WASHINGTON-Wireless trade association CTIA officially came out against net neutrality, posting a policy paper on its Web site against efforts to include network neutrality language as part of Congress’ efforts to reshape existing telecom laws.
CTIA posted its position on the topic June 21, but did not publicize it until last week when it appeared at the bottom of its sponsored news-clipping service.
“We don’t have to put out a press release for everything,” John Walls, CTIA vice president of public affairs. “We have priority items.”
That was a good move, said one wireless analyst. “The wireless carriers have purposely not let themselves get dragged into the net-neutrality debate. They let the parents look like the bad guys. The debate was going their way. The battle for pre-emption didn’t get any stronger by them weighing in on net neutrality,” said Roger Enter of Ovum.

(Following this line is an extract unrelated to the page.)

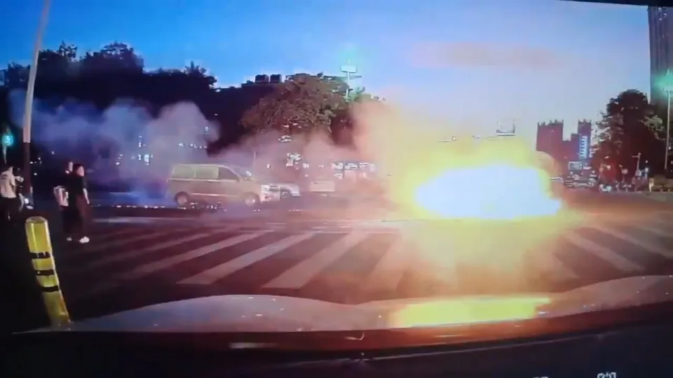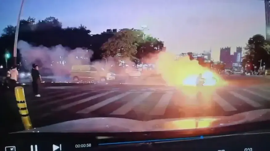 На одном из китайских перекрестков неожиданно вспыхнул электровелосипед курьерской службы, мгновенно превратившись в пылающий шар.

The wireless industry has been largely ignored in the network-neutrality debate even though the nation’s two largest carriers already restrict access to Voice over Internet Protocol, video and other bandwidth-hogging services. The prohibitions contained in data customer contracts are done for service-quality reasons, but would seem to run counter to the Stevens language. Senate Commerce Committee staff said the language was not intended to allow such prohibitions, even though there is a network-management exception.
The CTIA policy is based on the core belief that competition is the best regulation. With regulation, innovation and investment will be stifled; without regulation, niche markets will be created.
“We want the capability for carriers to structure offerings that make sense for their networks and business plans,” said Carolyn Brandon, CTIA vice president of policy.
Current business offerings are structured with services and applications being exclusive (on-deck) or generally available via the Internet (off-deck). CTIA’s official entree into the network-neutrality debate comes as non-affiliated companies are trying once again to make money offering off-deck services directly to wireless customers. The wireless marketplace has been dominated by data available on the deck-the carrier’s menu of applications and services on a mobile phone. Recently, though that has begun to change as the amount of off-deck traffic has grown from anywhere between 5 percent and10 percent to 25 percent.
Also, some of the legislation surrounding network neutrality did not acknowledge the differences in the wireless-broadband experience vs. the wired experience.
“The wireless networks are very dynamic. There is a relationship between the device and the network,” said Brandon. “We need to have control over that relationship. The network management needs we have are unique because of the radio-frequency aspect.”
RCR Wireless News Reporter Colin Gibbs contributed to this report.